BEGIN

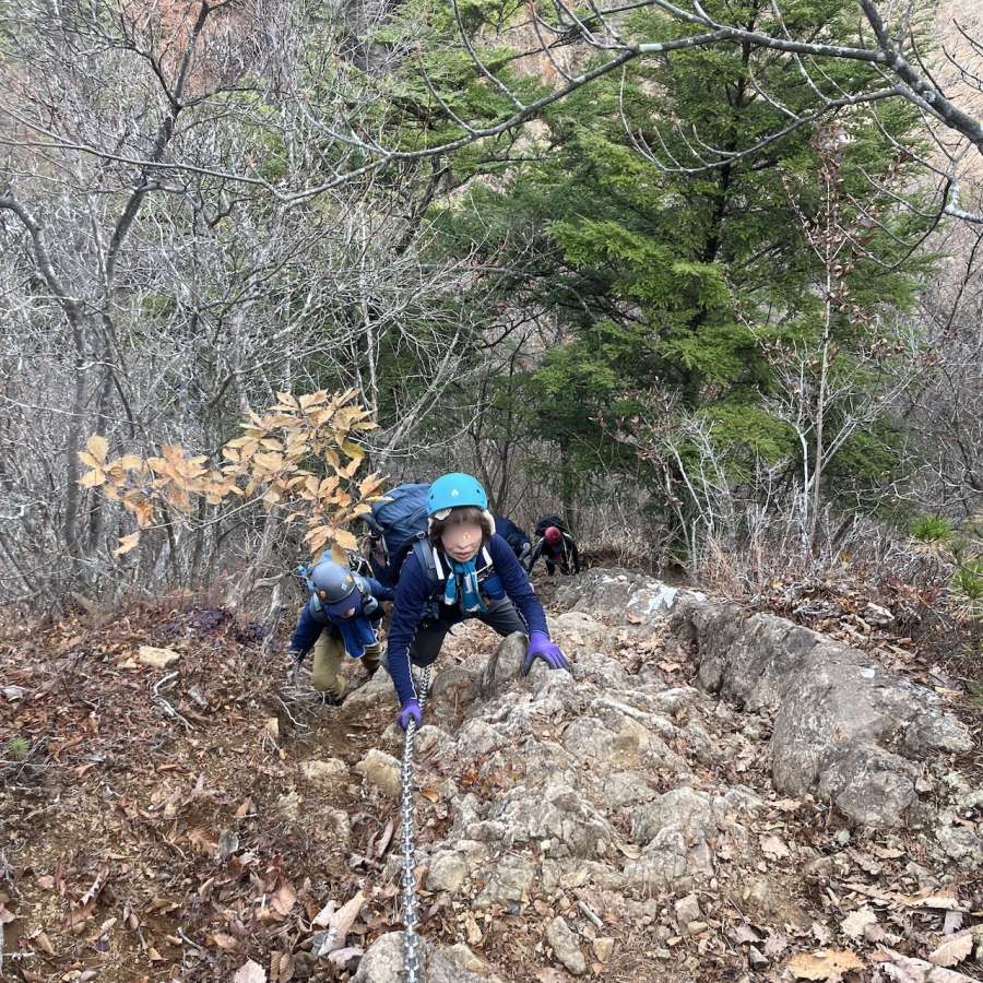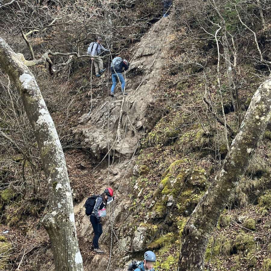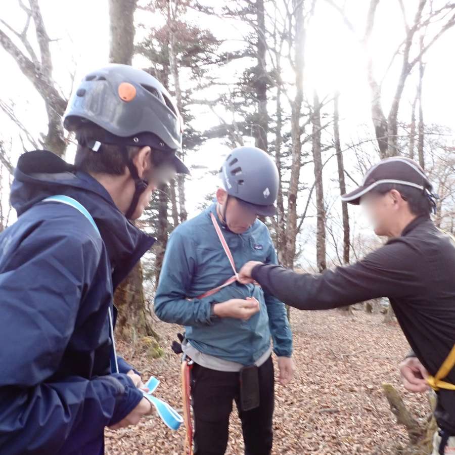 出発が少し遅れたり私の出だしのルート外し等もあって時間が押してしまい、節刀ヶ岳を省略することなりましたが、十二ヶ岳の12のピークを数えながらロープや鎖かかった岩場の登下降を実践できました。相互にサポートし、パーティとしてまとまった行動ができたのも良かったと思います。短時間ですが、簡易ハーネスやスリングランナーの作成と試用もできました(次回は実践で使えるようおさらいしてください)。
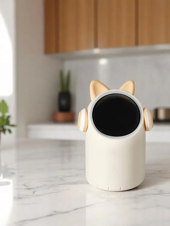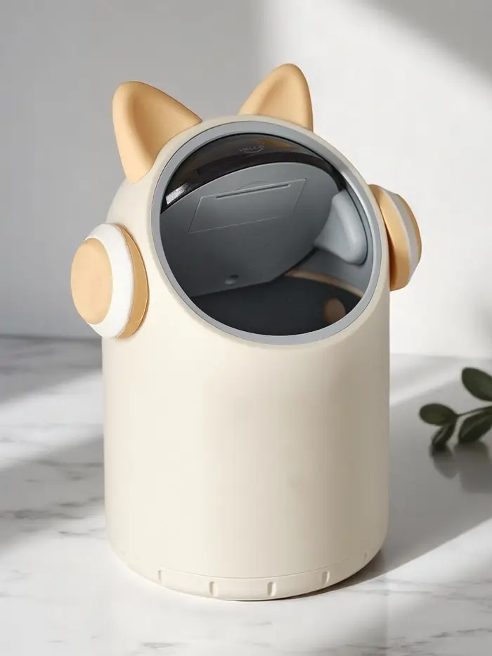 Ведро для мусора сенсорное, 2 л, в ушах и наушниках, бежевое
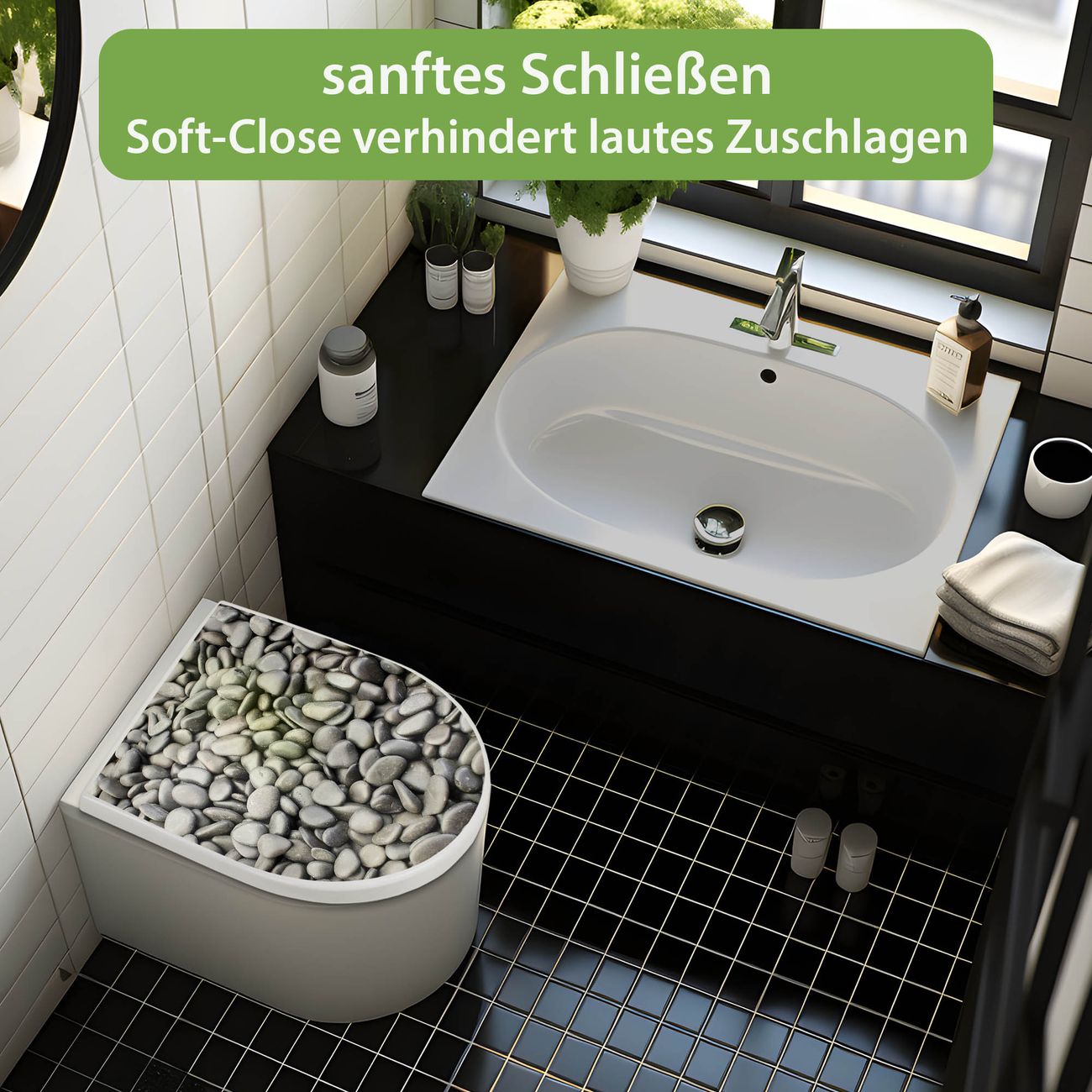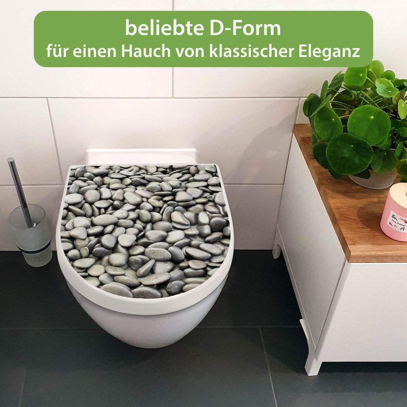 WC Sitz mit Absenkautomatik D Form Motiv Nasse Kiesel

END

- [Exercise prompt]
Without changing a single word, set down all of the material again and leave out its pictures.

- [Answer section]
 出発が少し遅れたり私の出だしのルート外し等もあって時間が押してしまい、節刀ヶ岳を省略することなりましたが、十二ヶ岳の12のピークを数えながらロープや鎖かかった岩場の登下降を実践できました。相互にサポートし、パーティとしてまとまった行動ができたのも良かったと思います。短時間ですが、簡易ハーネスやスリングランナーの作成と試用もできました(次回は実践で使えるようおさらいしてください)。
 Ведро для мусора сенсорное, 2 л, в ушах и наушниках, бежевое
 WC Sitz mit Absenkautomatik D Form Motiv Nasse Kiesel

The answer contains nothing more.